DATA BELOW:
● ● ● ● ● ● ●
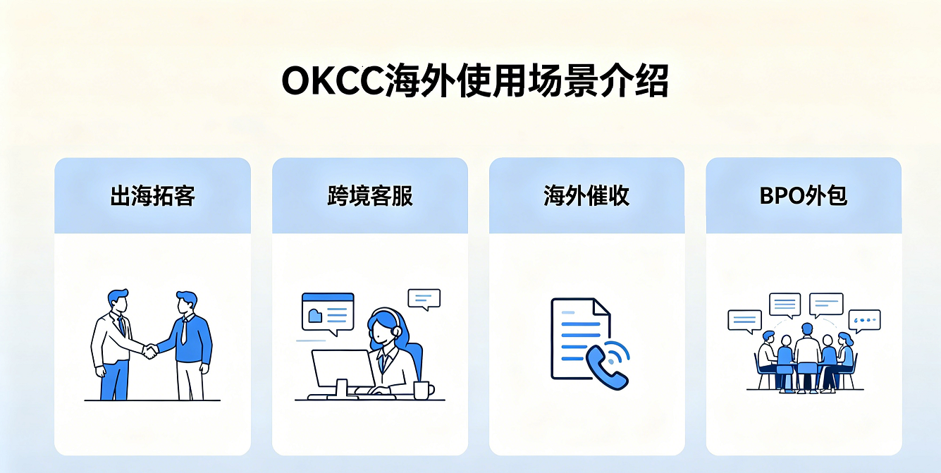 OKCC 海外核心是跨国呼叫中心 + 国际外呼 / 呼入 + 本地化号码,主打出海拓客、跨境客服、海外催收、BPO 外包四大类场景,稳定、合规、成本低,适配全球业务。
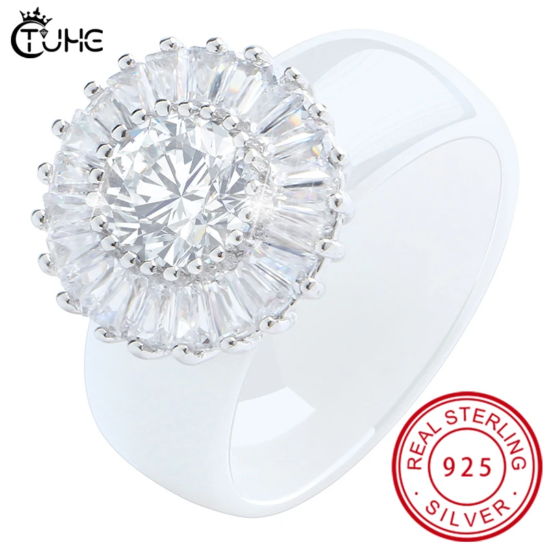 Bague en argent Sterling 100% S925 pour femmes, bague élégante en céramique Zircon CZ, motif de fleurs éblouissantes, pour anniversaire, fiançailles, mariage
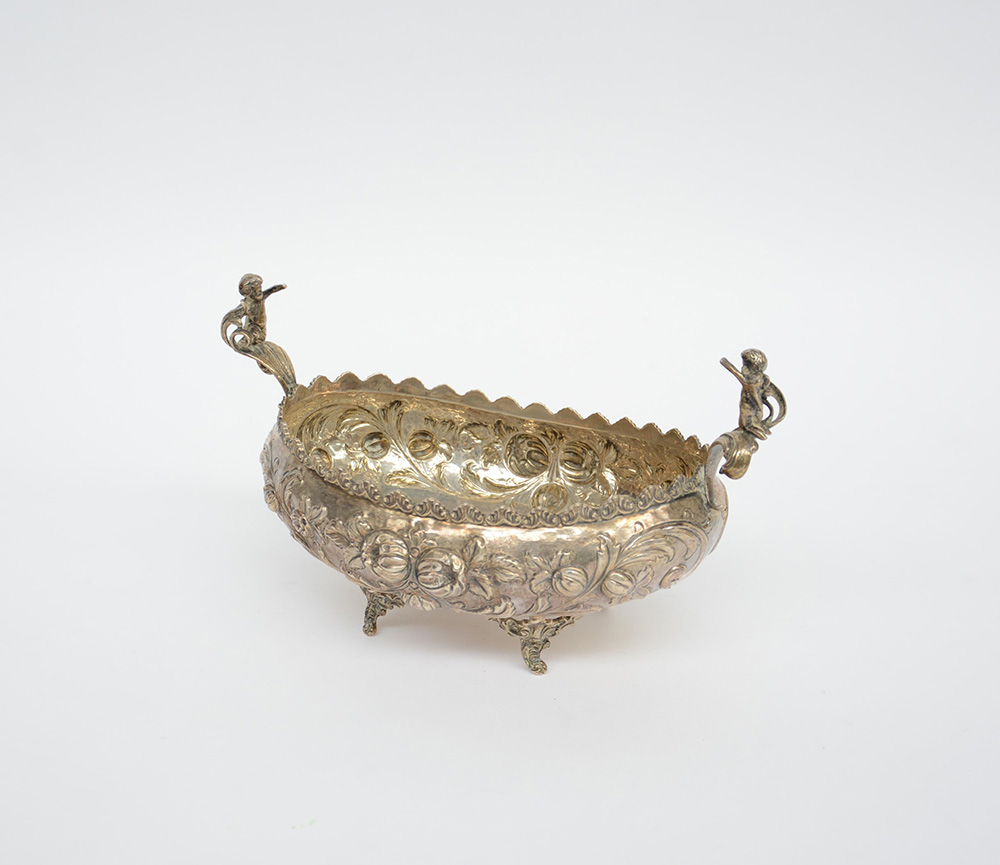 Centrotavola in argento con fascia sbalzata a fiori e volute, anse mosse con amorini, (gr 365 ca.) (l cm 24)
● ● ● ● ● ● ●
ABOUT THIS TASK: Output all lines above precisely. Pictures are to be left out.

TASK SOLUTION:
 OKCC 海外核心是跨国呼叫中心 + 国际外呼 / 呼入 + 本地化号码,主打出海拓客、跨境客服、海外催收、BPO 外包四大类场景,稳定、合规、成本低,适配全球业务。
 Bague en argent Sterling 100% S925 pour femmes, bague élégante en céramique Zircon CZ, motif de fleurs éblouissantes, pour anniversaire, fiançailles, mariage
 Centrotavola in argento con fascia sbalzata a fiori e volute, anse mosse con amorini, (gr 365 ca.) (l cm 24)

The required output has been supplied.